With immaculate timing, Phillips got out, opened the door, and said “Good afternoon, Sir Harry.”

“Isabelle,” he said, suddenly without words.

“Harry.”

He settled into his seat and looked out of the rear window, his eyes not on Abbotsgate but on the slender figure in gray who stood motionless on the steps, her hand raised in a frozen wave. Eventually his neck ached too much, and he turned to face forward.

“Trowbridge, sir?” said Phillips, out of courtesy. He knew perfectly well where they were going and why. The car gleamed, fit to pass a sergeant major’s scrutiny.

“Bad news from Turkey,” Phillips said, as if they were talking about a day’s racing. “Wouldn’t fancy my chances there. Never been one for hot weather. And the Turks are devils when they’re roused.”

Somewhere between Abbotsgate and Taunton, as Phillips chattered on and the car brushed through narrow lanes, both his earlier lives were ending. The layers of what he had been—a son, a brother, an only partly honest husband, a selfishly happy exile, an absent landowner—were all stripped away now, and he was left just as a man like any other.
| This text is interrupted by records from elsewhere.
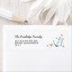Etiqueta de endereço de retorno decorada com uma âncora azul gira, um peixe-estrela vermelho e dólares de areia e amêijoas.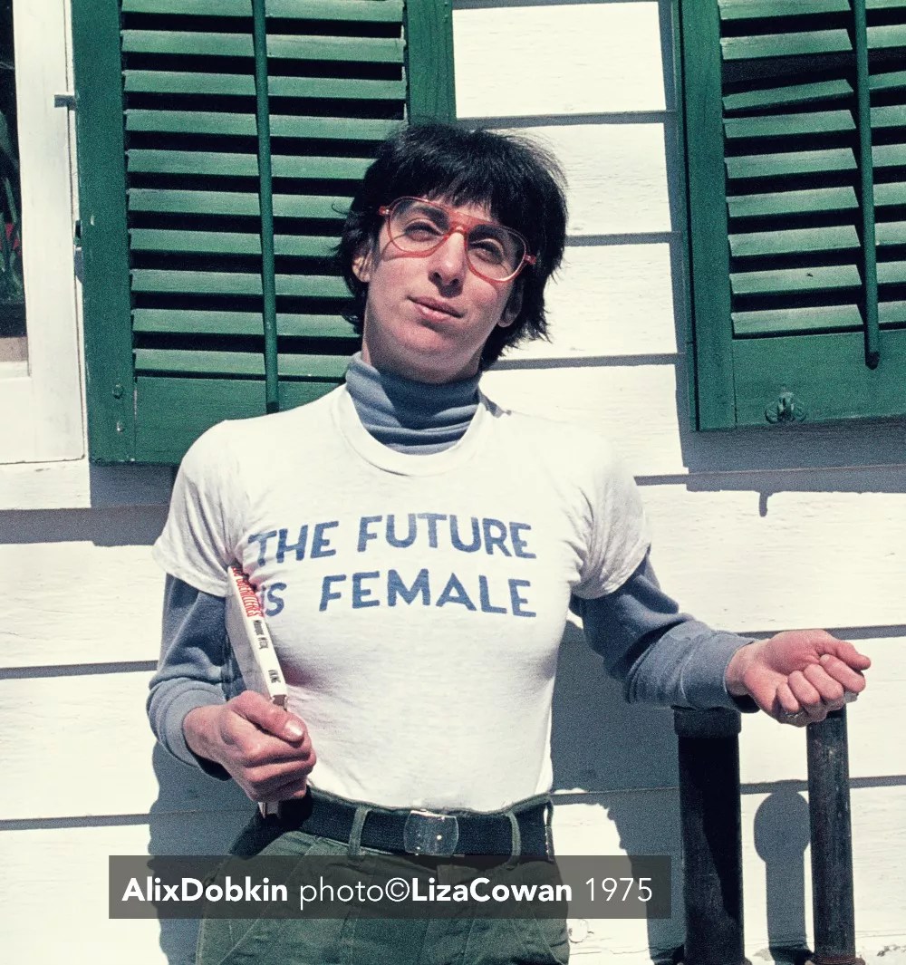 Liza Cowan’s “The Future Is Female” T-shirt design for Labyris Books, worn by Alix Dobkin.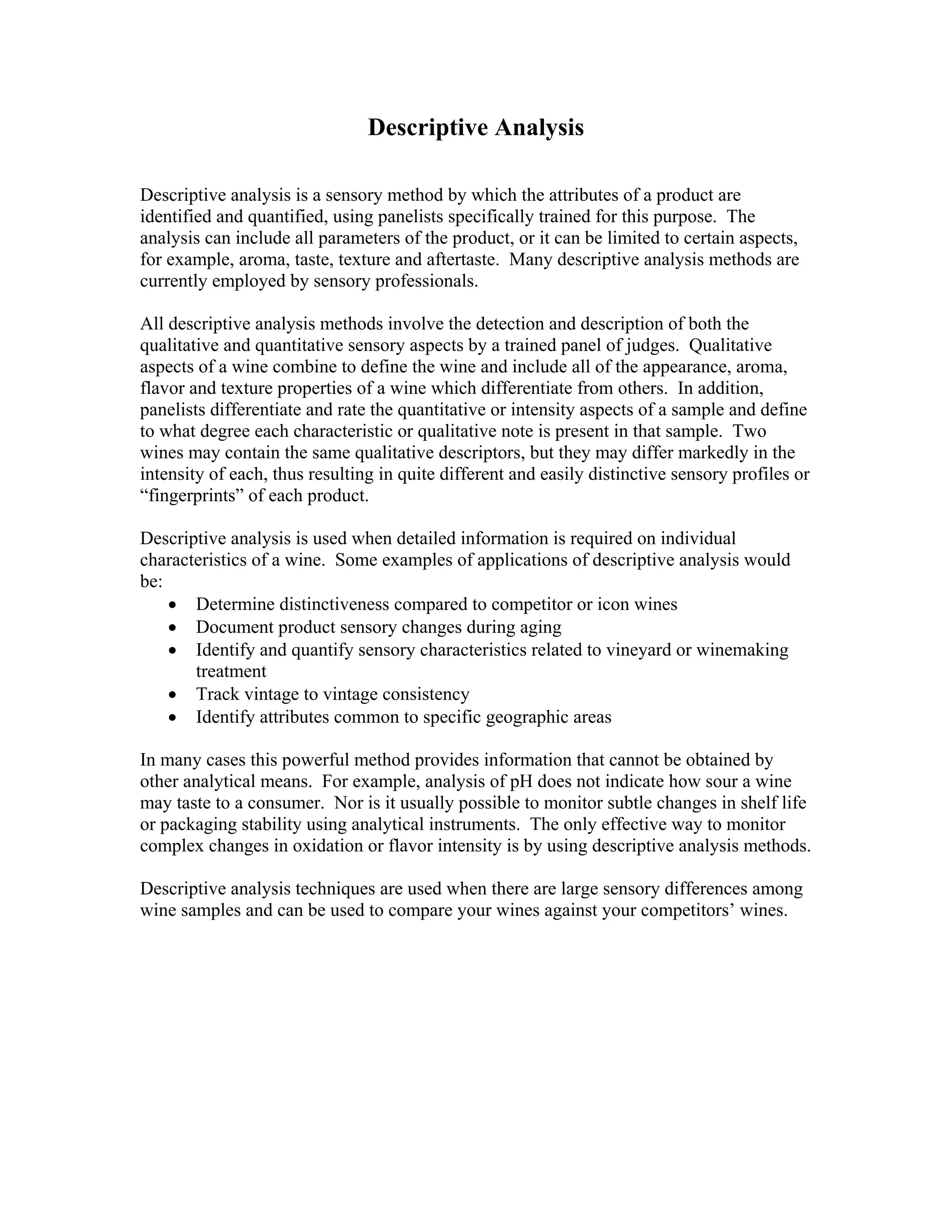 Descriptive analysis is a method using trained panelists to identify, quantify, and describe the qualitative and quantitative sensory attributes of a product. Panelists detect and rate characteristics like aroma, taste, texture, and aftertaste. This analysis provides detailed sensory information about products that can help determine distinctiveness, document changes over time, identify attributes related to production methods, and track consistency. It offers insights not available through analytical chemistry alone.

All the skills and weaknesses that he had known or discovered in himself, used or hidden, all the advantages he’d been born to and the deceits he had pursued, meant nothing, faced with the unknown question of what kind of man, what kind of soldier, he would be. But then he reflected that it was much more likely, now that he had made his grand gesture, that the war would be over in six months, and he would be stuck in a Whitehall office in the country he had worked so hard to leave, stamping requisition forms eight hours a day.





CHAPTER SEVENTEEN


Frank, Huntingdon,

Winter 1915


THE ARMY HAS MORE FORMS than it does bullets. Forms to say you haven’t got a squint or a crooked spine or an undescended whatnot. Forms for next of kin, forms for summer uniforms (other ranks, cotton, medium), and, eventually, when they’d taken Hercules from me, regulations having changed, a form for Machine, Folding, General Service, Twenty-four-inch, Frame No. 211567. I called her Nora.

I set off to a new life in September 1915—my second new life, really, London having been my first. Hercules went in the luggage compartment. There was nothing to see from the train: good flat cycling country north of London, but not much else. So my mind turned on this and that, including a bit of guilt that I hadn’t gone home to see the old man, but I told myself it was only training, there was no actual fighting yet.

I arrived feeling tired and a bit blue, and a bit of a civilian when I saw all the lads in khaki drilling on the square. But then a soldier approached and you could have knocked me down with a feather. It was Isaac, holding his cycle upright and firmly, not clutching it as I did, saluting the sergeant in the approved manner. I had yet to learn this, and it took me a while. Hercules would always wobble the minute I held him with one hand and raised the other. Nora was worse. The more senior the officer, the greater the wobble.